Recently I’ve been dreaming about babies. These aren’t sad dreams or dreams of longing, just dreams in which I’ve interacted, in a very tender way, with a baby that wasn’t mine. I’ve woken up thinking about the dream, but not upset by it.
Last night I had a different dream. I was on one of those double decker open-topped tour buses (like the one I took in San Francisco last week) and the tour guide asked if anyone had ever tried (and he implied, failed) to have a baby. I reluctantly put up my hand. Looking around the bus, I saw that I was the only one.
“And what was that like?” asked the tour guide.
“It was horrible,” I replied. “It’s completely out of your control and there’s nothing you can do about it. There are procedures and things you can do to help, but you can’t control whether they work or not.”
After that the dream gets fuzzy and I woke up feeling very out-of-sorts.

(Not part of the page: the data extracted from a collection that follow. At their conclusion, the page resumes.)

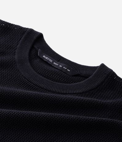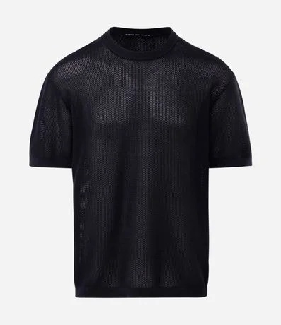 Ref: Camiseta em tricot vazado com fit boxy, oferecendo textura leve e visual moderno. Possui gola redonda, caimento confortável e toque macio. Ideal para compor produções casuais com estilo contemporâneo, confeccionado em algodão de certificado BCI para um processo mais sustentável.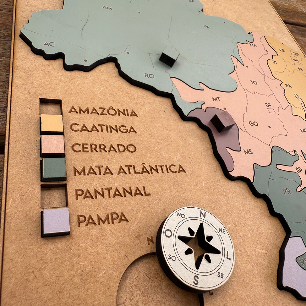 Suporte feito em MDF cru 3mm e peças em MDF colorido 6mm. As peças são correspondentes aos 6 biomas brasileiros e tem gravadas as siglas e fronteiras dos estados bem como as localizações exatas de suas capitais. A legenda do mapa é interativa. Acompanha uma rosa dos ventos móvel.
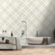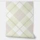 This peel and stick wallpaper features a modern take on the classic gingham style picnic plaid pattern in pale light green and mauve pink.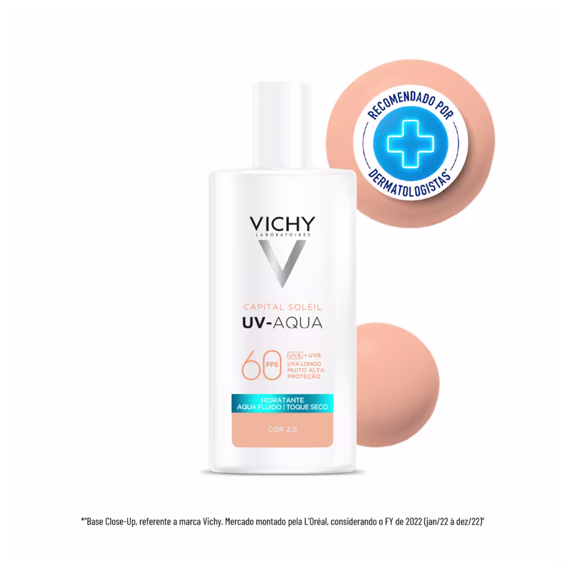 O Protetor Solar com Cor Vichy Capital Soleil UV-Aqua FPS60 se destaca pela combinação de alta proteção UV e cuidado avançado. Indicado para peles mistas e oleosas, conta com Água Vulcânica de Vichy, que fortalece e remineraliza a pele. Seu efeito matte clinicamente comprovado garante controle do brilho por até 16 horas. Ideal para finalizar tratamentos faciais, oferece toque seco e sensação prolongada de pele limpa.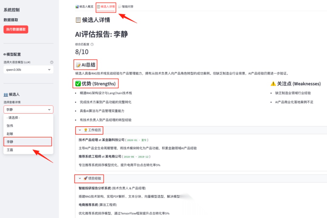 与此同时,数据处理流水线输出的完整简历文本,会经历一个结构化提取过程。这个过程调用大模型,根据预定义的 Pydantic 模型(Python 数据验证库,用于定义结构化数据格式),从纯文本中抽取出候选人的姓名、工作年限、项目经验、优劣势分析等关键信息,形成一份标准化的结构化档案。这份档案最终被存入 SQLite 结构化数据库(一个轻量级的关系型数据库)。这个数据库的作用是为最后的用户界面提供即时候选人信息查询服务,支撑系统的候选人概览和详情展示功能。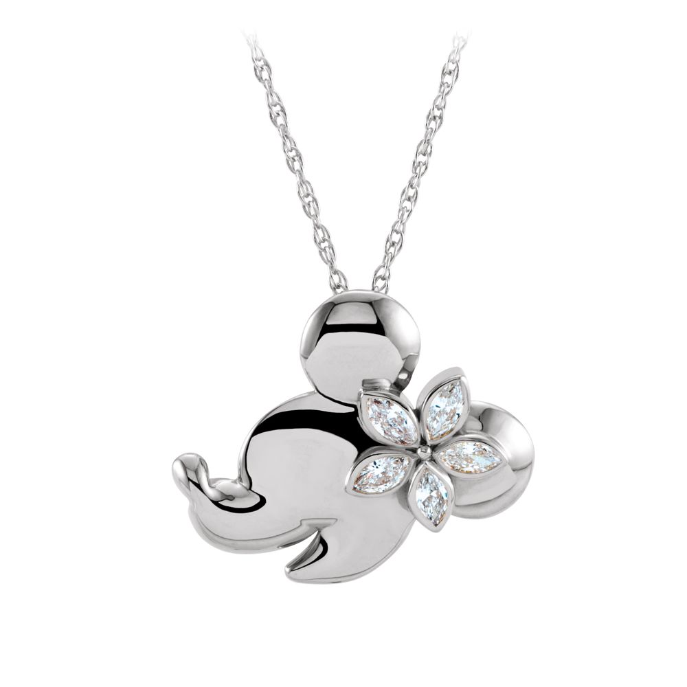 In true Polynesian style, Minnie's wearing a flower behind her ear, though this one is encrusted with dazzling diamonds. Crafted in gold, this Minnie necklace is a sparkling reminder of your exotic Aulani, A Disney Resort & Spa vacation.

Pottering around the kitchen this morning, I knew this would be a blog post of some nature, I just didn’t know about what. The dreams didn’t make much sense and I couldn’t decipher any meaning to them.

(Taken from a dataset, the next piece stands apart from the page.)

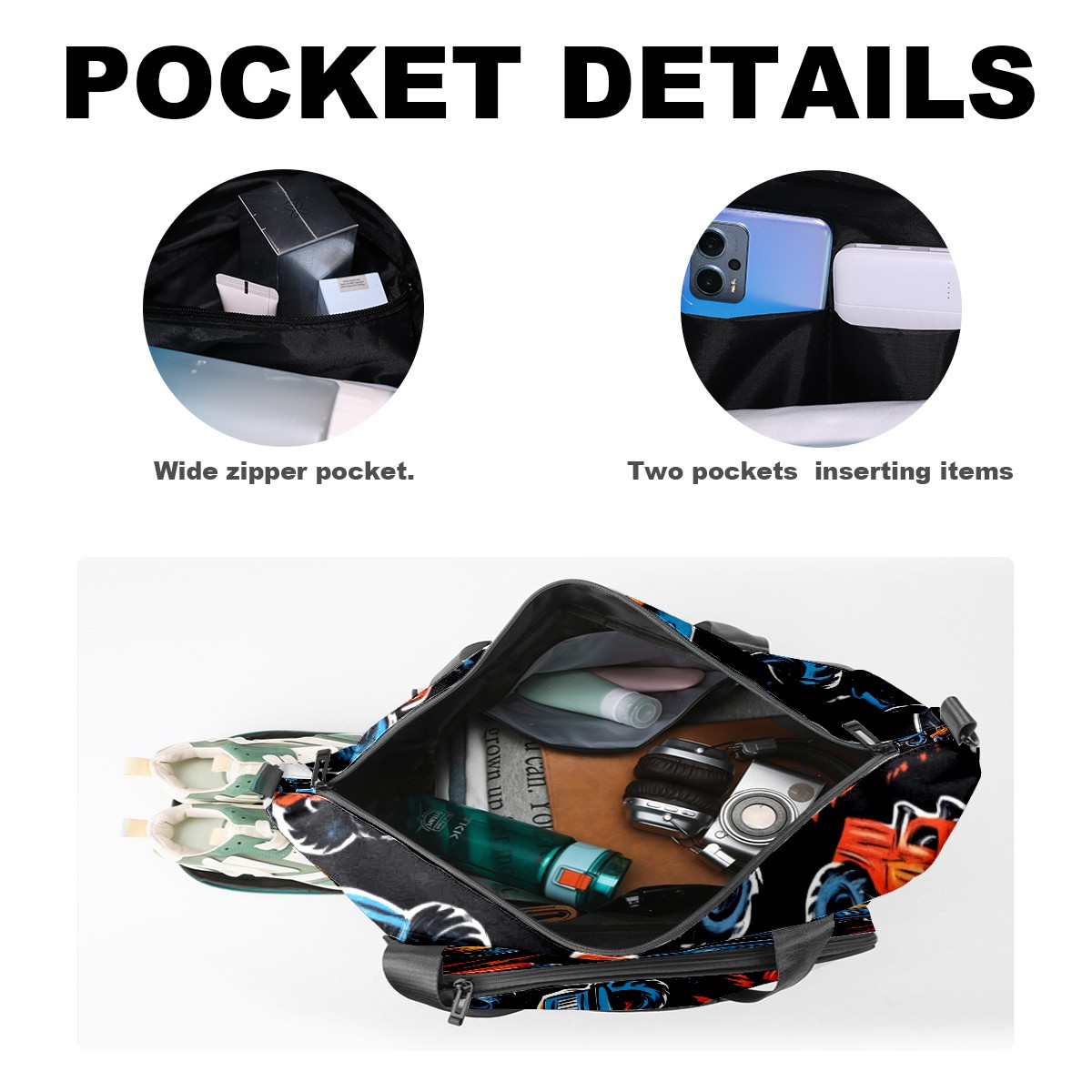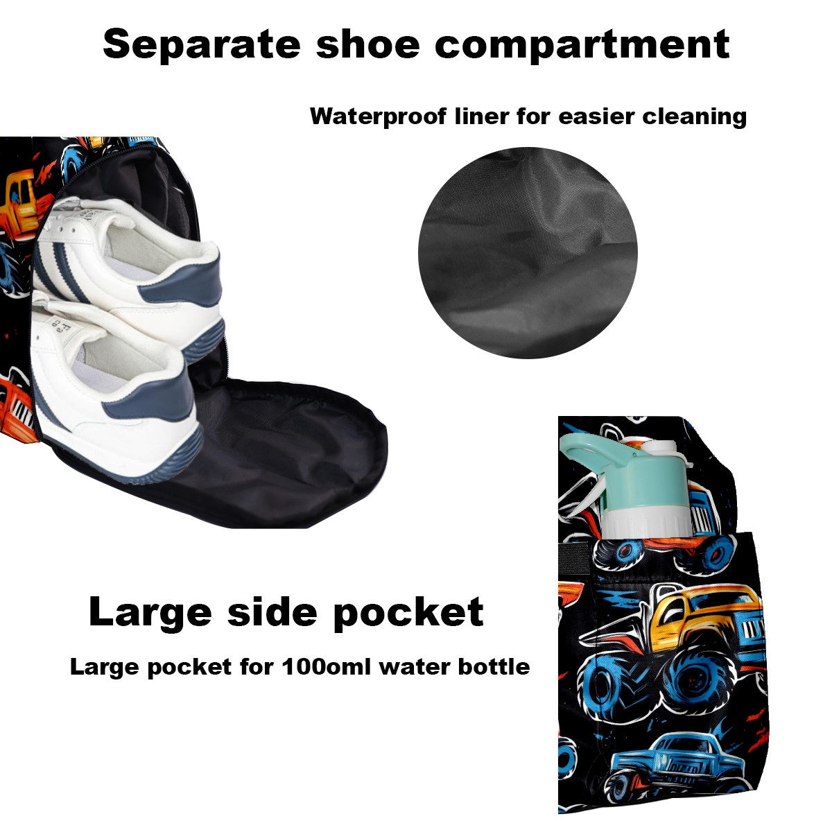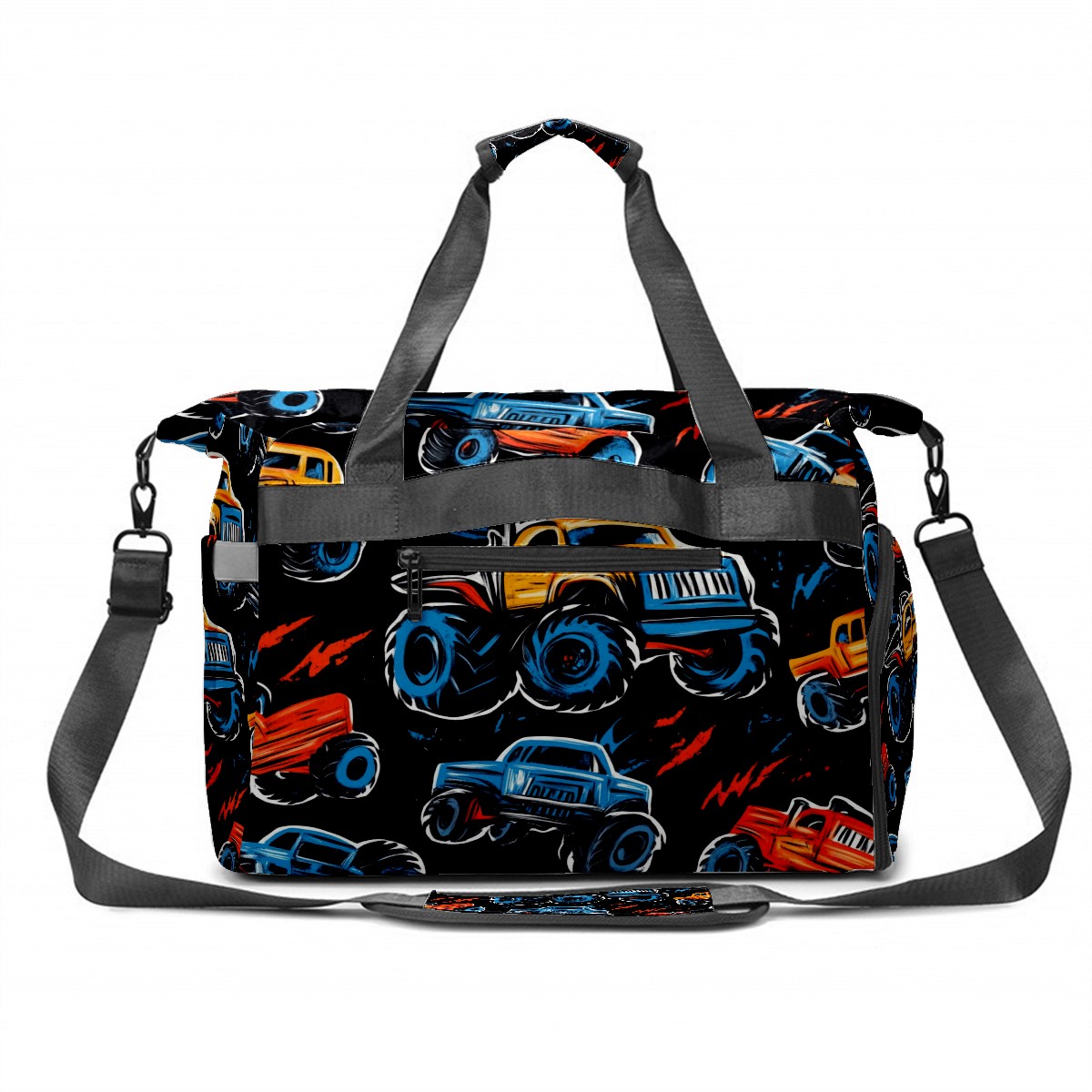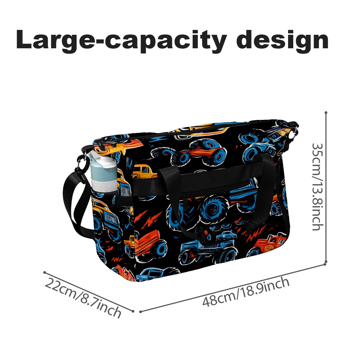 Pickleball Tote Bag Carryall for Paddles Balls and Accessories, Portable Lightweight Gear Bag for Players(Monster Trucks)

Buttering my toast, it came to me.
I am happily childless, but I am not happily infertile. I have reconciled the fact that I am not going to have children and I am okay with that. In fact, the more time passes, the more I realize how much I enjoy my life without children and what an upheaval to that life children would be. The part I haven’t yet reconciled is my infertility. I still can’t fully get to grips with the idea that my body failed me and that, no matter how hard I worked, not matter how dedicated I was to the goal, there was nothing I could do to change that.
I don’t feel alone in my childlessness–the majority of my friends don’t have children—but infertility is still, and maybe will always be, something that makes me feel like the odd one out—the only person on the bus with her hand in the air.